CIMA P2 Syllabus D. Risk and Control - Value at Risk - Notes 12 / 13
Value at Risk is the amount potentially lost, at a given "confidence level"
VaR is measured by using normal distribution theory.
Confidence levels are often set at either:
95% (The VaR here shows the potential loss that has only a 5% chance of decline) or
99% (The VaR considers a 1% chance of loss of value).
Illustration
Cow plc estimates the expected NPV of a project to be £100 million, with a standard deviation of £9.7 million.
Required:
Establish the value at risk using both a 95% and also a 99% confidence level.
Solution
Using Z = (X - μ) / σ
where
X = result we are considering
μ = mean
σ = standard deviationEstablishing Z from the normal distribution tables
ie at a 95% (0.95) confidence level, 1.65 is the value for a one tailed 5% probability of decline (i.e. 0.95 - 0.50 = 0.45 = 0.4505 from the normal distribution table)
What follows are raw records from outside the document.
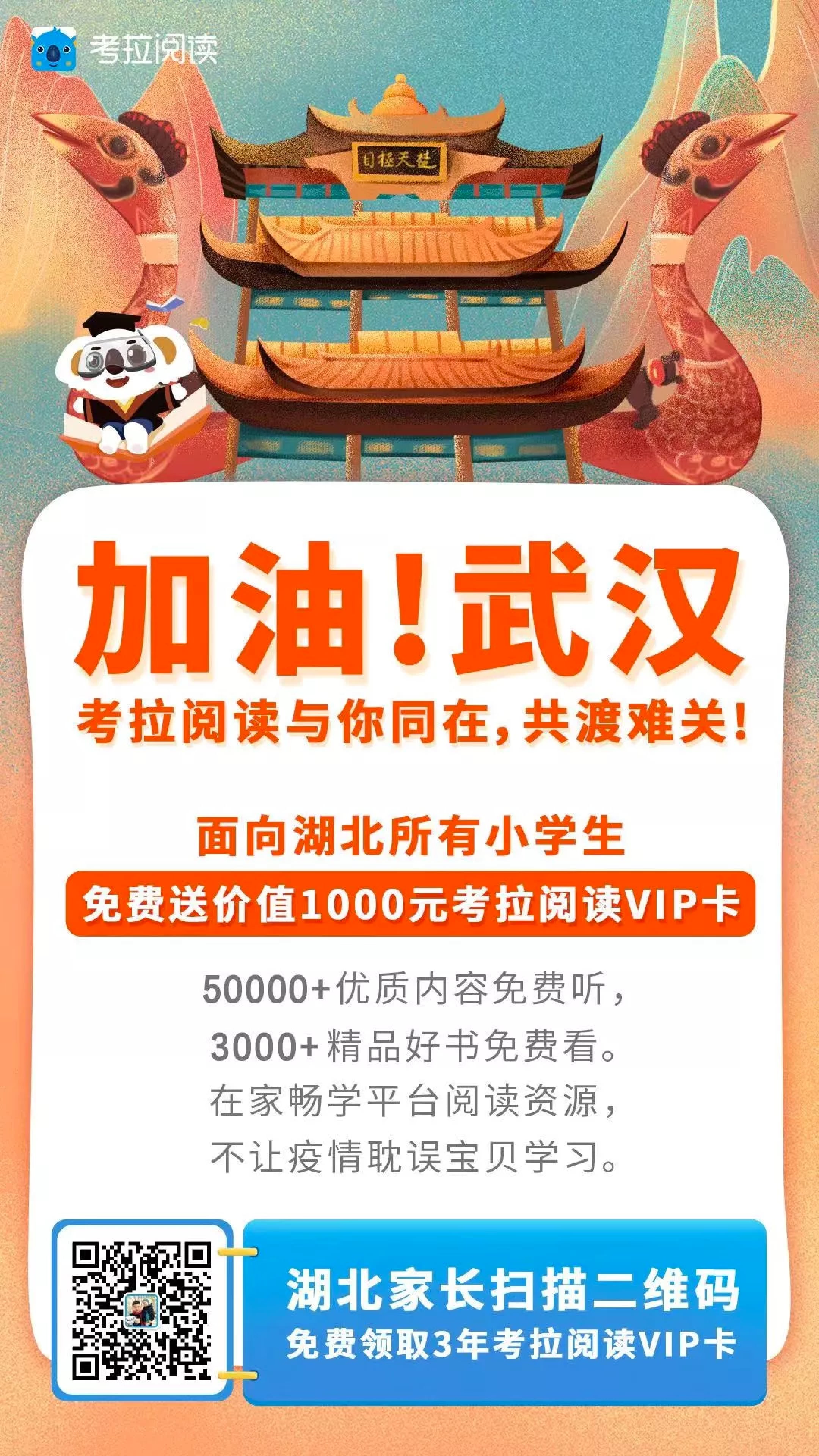 K12分級閱讀APP考拉閱讀向湖北所有小學(xué)生免費(fèi)贈(zèng)送價(jià)值1000元3年考拉閱讀VIP,湖北省家長掃描二維碼即可領(lǐng)取該VIP卡。截止目前,考拉閱讀已向湖北省小學(xué)生捐贈(zèng)了2萬余張VIP卡。
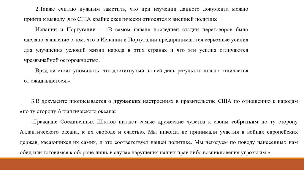2.Также считаю нужным заметить, что при изучении данного документа можноприйти к выводу ,что США крайне скептически относятся к внешней политике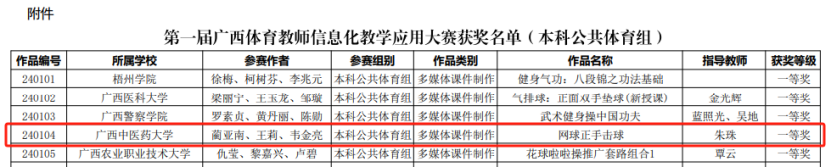 本次大赛由广西学校体育卫生艺术学会主办,比赛项目包括数字资源制作类、教学与数字体育资源应用类两大类,旨在推动信息技术与体育教学的深度融合,不断提升体育教育的信息化水平。自接到赛事通知后,体育部领导高度重视,精心谋划,周密部署,参赛教师认真研究竞赛内容,利用课余时间积极准备,反复修改完善参赛作品,力求完美。最终不负众望,斩获佳绩!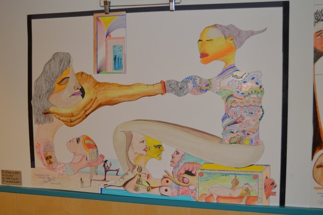Mário Rebelo de Sousa expõe até final de Maio, 23 trabalhos de desenho, pintados em cartão.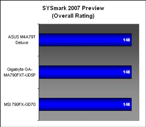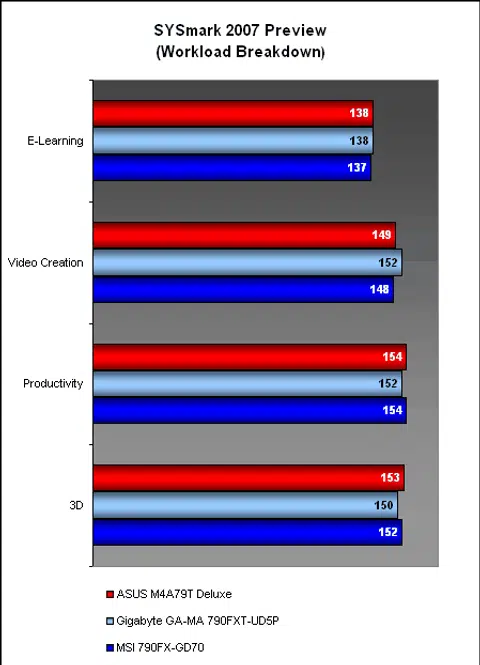While the individual breakdowns of the various subsections in SYSmark 2007 had some minor variations, the overall system score for the three boards were identical. Hence we had to examine the breakdown to find out their strengths and weaknesses. The Gigabyte for instance, had the slight edge in Video Creation, but lost ground to the other two in 3D and Productivity. Users however are unlikely to find any discernible differences between the boards when running their applications.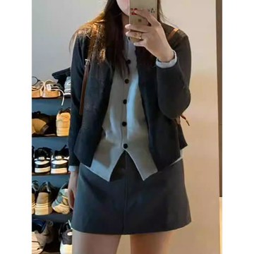 點我下載高級感灰色假兩件針織開衫毛衣秋季季大碼胖mm超好看寬松長袖上衣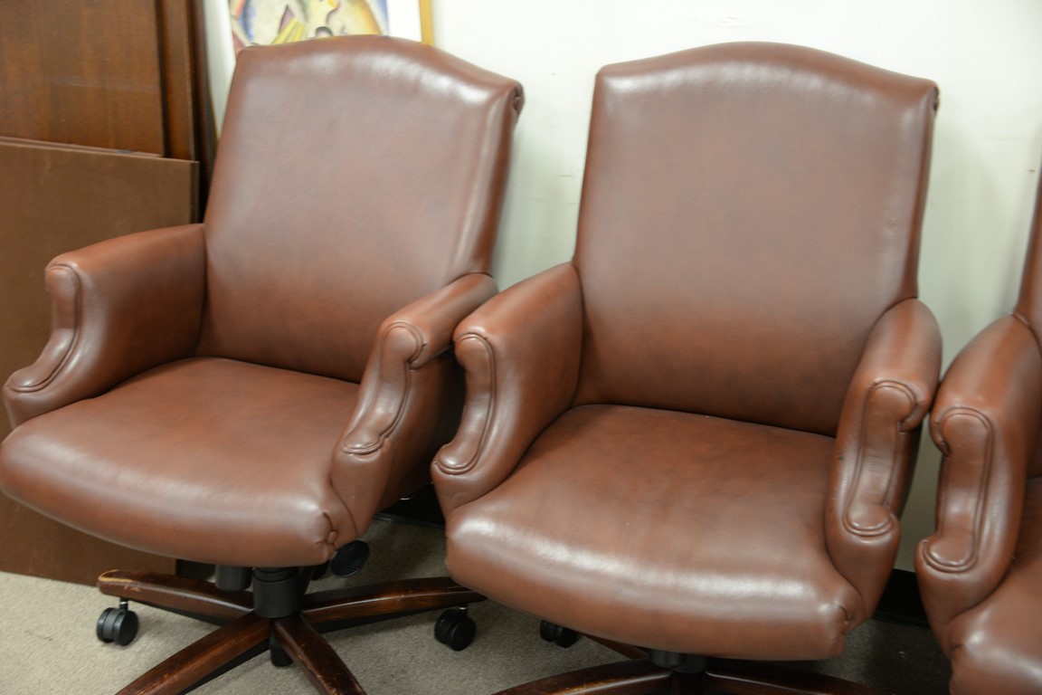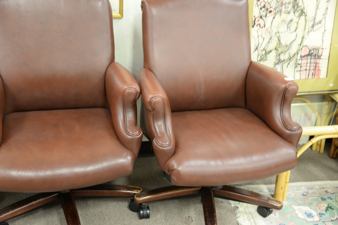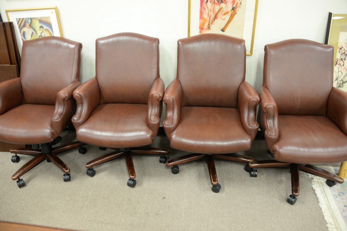 Set of four Cabot Wrenn leather armchairs having swivel bases.

and at a 99% (0.99) confidence level, 2.33 is the value for a one tailed 1% probability of loss of NPV (i.e. 0.99 - 0.50 = 0.49 = 0.4901 from the normal distribution table).
At 95% confidence level, Z = (X-100) / 9.7 = –1.65;
therefore X = (9.7x–1.65)+100 = 84
At 99% confidence level, Z = (X-100) / 9.7 = –2.33;
therefore X = (9.7x–2.33)+100 = 77.4
There is a 5% chance of the expected NPV falling to £84 million or less and a 1% probability of it falling to £77.4 million or below.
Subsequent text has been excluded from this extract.